How Baltimore is Reimagining City-Owned Assets

At City Summit 2018, 50 cities committed to new initiatives to support their innovation economies. NLC’s City Innovation Ecosystems program collects and tracks these commitments in order to showcase successes, identify best practices and connect peer cities who can learn together. Here we share the story of one city’s work:

A new kind of recreation center

“The Digital Divide is getting worse, not better,” warns Digital Harbor Foundation’s Andrew Coy. Since 2013, the foundation Coy helped launch has aggressively sought to close that divide in Baltimore by creating spaces where young people have ready access to technology. The foundation’s method is innovative; it converts underutilized city-owned recreation centers into youth-centered, technology-enabled “maker spaces” through a program called Rec-to-Tech.

Maker spaces are environments that encourage open-ended exploration, tinkering, design, and problem-solving. “The physical spaces — the garage that Larry and Sergei launched Google from or the dorm room where Zuckerberg created Facebook — weren’t available to my students,” Coy says. “Youth in Baltimore can design and make a piece of their world too, but they need the tools to do it.”

Through the NLC Innovation Ecosystem’s Call to Action program, Digital Harbor committed to implementing Rec-to-Tech in four Baltimore recreation centers.

Programs like Rec-to-Tech are much needed in Baltimore. Despite a recent influx of jobs in the information technology and logistics sectors, recent survey data found that 74,000 households in the city were without internet access. Additionally, nearly 30 percent of job seekers said that using computers and technology was a barrier to securing employment. Rec-to-Tech addresses both challenges: It increases access to technology in primarily low-income communities and prepares youth for high-paying jobs in the city’s innovation economy.

From a nascent idea to a national movement

Coy saw an opportunity when the city announced it was closing a handful of its recreation centers in 2013. A teacher at the time, he saw how the neighborhood rec center served as an anchor point for his students and their families.

“Somebody asked me what I would do with [the center],” he recalls. “I said I’d turn it into a tech space with 3D printing, design workshops, laser cutters — a place where youth could explore pathways in technology while developing soft skills like resiliency and grit.”

He had found his calling. Seven years later, Digital Harbor serves 1,200 students a year and provides technical assistance to cities across the country that are implementing similar initiatives. The numbers from the past year alone are impressive: 1,220 hours of technical assistance in 14 different communities that have collectively raised $3.3 million for programming and construction costs.

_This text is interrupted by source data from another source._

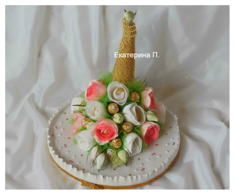 Диаметр основания 40 см на 40 см, высота 37 см. Состав: конфеты Ферреро Роше, Европейская коллекция, флор. материалы, органза, золотой шнур, бусины, полубусины, стразы, декоративная лента, декоративная бабочка, шарики из ротанга.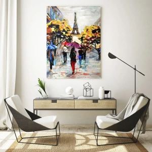 Impression sur verre - Image sur verre - La Tour Eiffel en arrière-plan des gens marchant sous des parapluies colorés - 50x70cm - Particulièrement beau en automne - Décoration murale moderne pour le salon et la chambre ARTTOR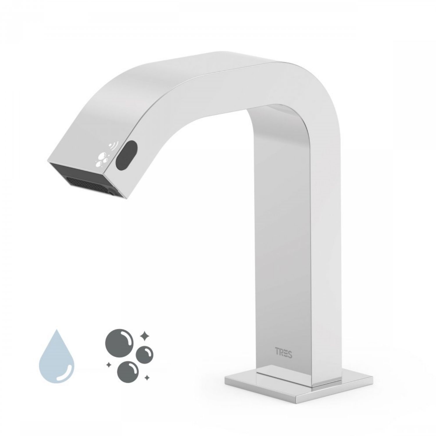 Met dit elektronische multifunctionele artikel kunt u altijd hygiënisch en duurzaam uw handen wassen. Het is namelijk niet alleen een kraan, maar ook een zeepdispenser. Zo kunt u zonder de kraan aan te raken zeep op uw handen doen en uw handen wassen. De kraan gaat automatisch weer uit. Zo verspilt u ook geen water.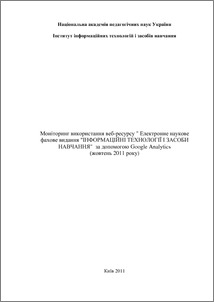 - Шиненко, М.А. and Ткаченко, В.А. (2011) Моніторинг використання веб-ресурсу " Електронне наукове фахове видання "Інформаційні технології і засоби навчання" за допомогою Google Analytics (жовтень 2011 року) [Experiment] (Unpublished)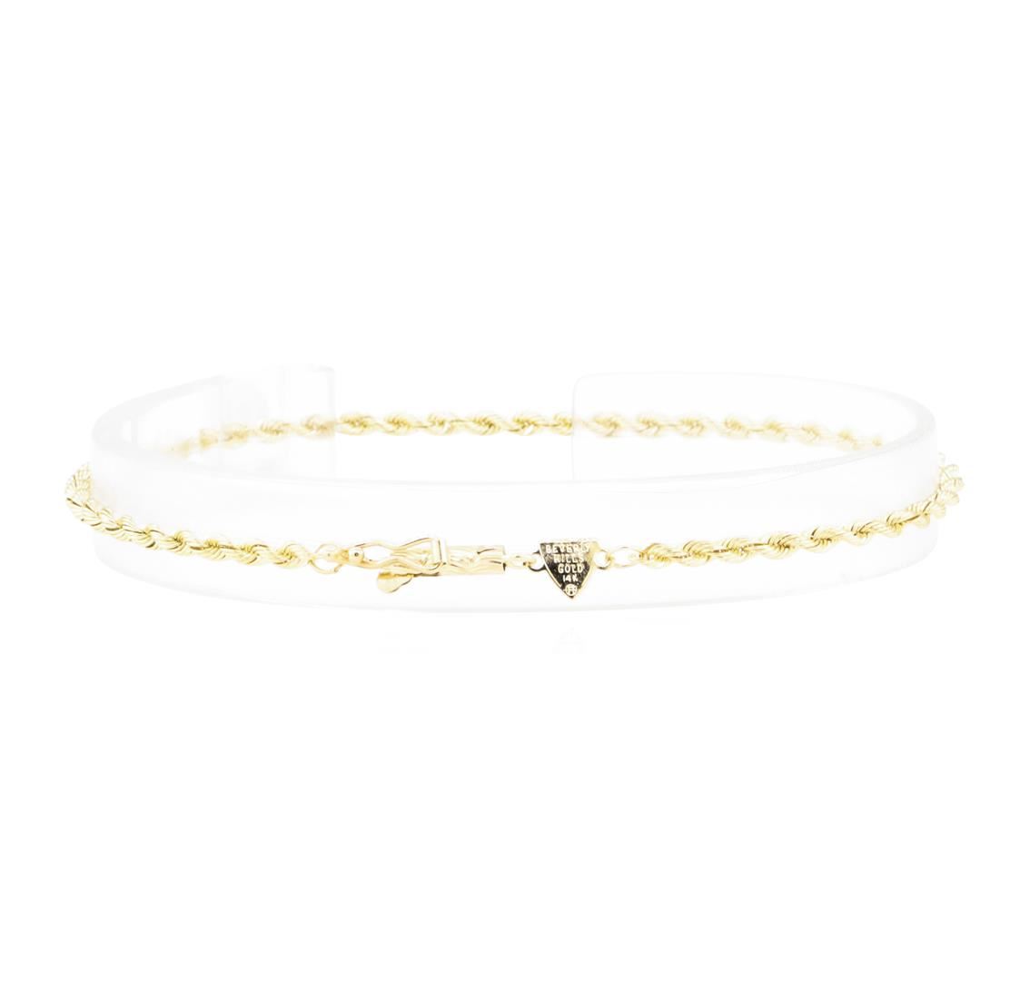One Beverly Hills Gold rope bracelet measuring approximately seven inches in length and 2.2mm in width featuring: 14KT yellow gold weighing 2.5 grams.

In Baltimore, Digital Harbor is poised to surpass its NLC commitment to expand Rec-to-Tech to four rec centers. Coy recently signed an MOU with the city of Baltimore to launch programs in six recreation centers by February 2020, and is currently bringing on additional staff to do that work.

Despite the seemingly rapid growth of Rec-to-Tech, Coy says he is committed to building deep, sustainable partnerships with communities and city governments; sometimes that means moving slower. “The old adage – if you want to go fast, go alone, but if you want to go far, go together – it’s really true,” he says. “It’s worth spending the time to go further.”

Critical Ingredients for a Rec-to-Tech Program

Cities interested in programs like Rec-to-Tech must recognize that increasing access to technology is not an end in itself. It’s how effectively the technology is used that ultimately leads to positive outcomes. More patents, higher rates of business formation, better representation of women and communities of color in tech — this is what Digital Harbor ultimately measures its success by.

To that end, Coy and his team have identified a handful of key ingredients for a successful deployment of Rec-to-Tech.

  • Underutilized community space. Rec centers often have entire rooms that go unused or have a bank of computers that lack internet access and thus go untouched. Digital Harbor recommends interested communities inventory their community spaces to find a suitable environment for a makerspace.
  • Community-centered approach. As community members are the primary users of the makerspace, they should also be at the center of its design. This means surveying residents, holding community meetings, and incorporating their design priorities into the final plan.
  • Government champion. In cities where Digital Harbor has had the most success, the mayor is highly invested in expanding youth opportunities in tech and has appointed a champion within the city responsible for overseeing the initiative.
  • Highly trained staff. If youth have a poor experience using technology, it’s unlikely they’ll return. It’s critical, therefore, that makerspaces have effective facilitators on-hand to advance student learning.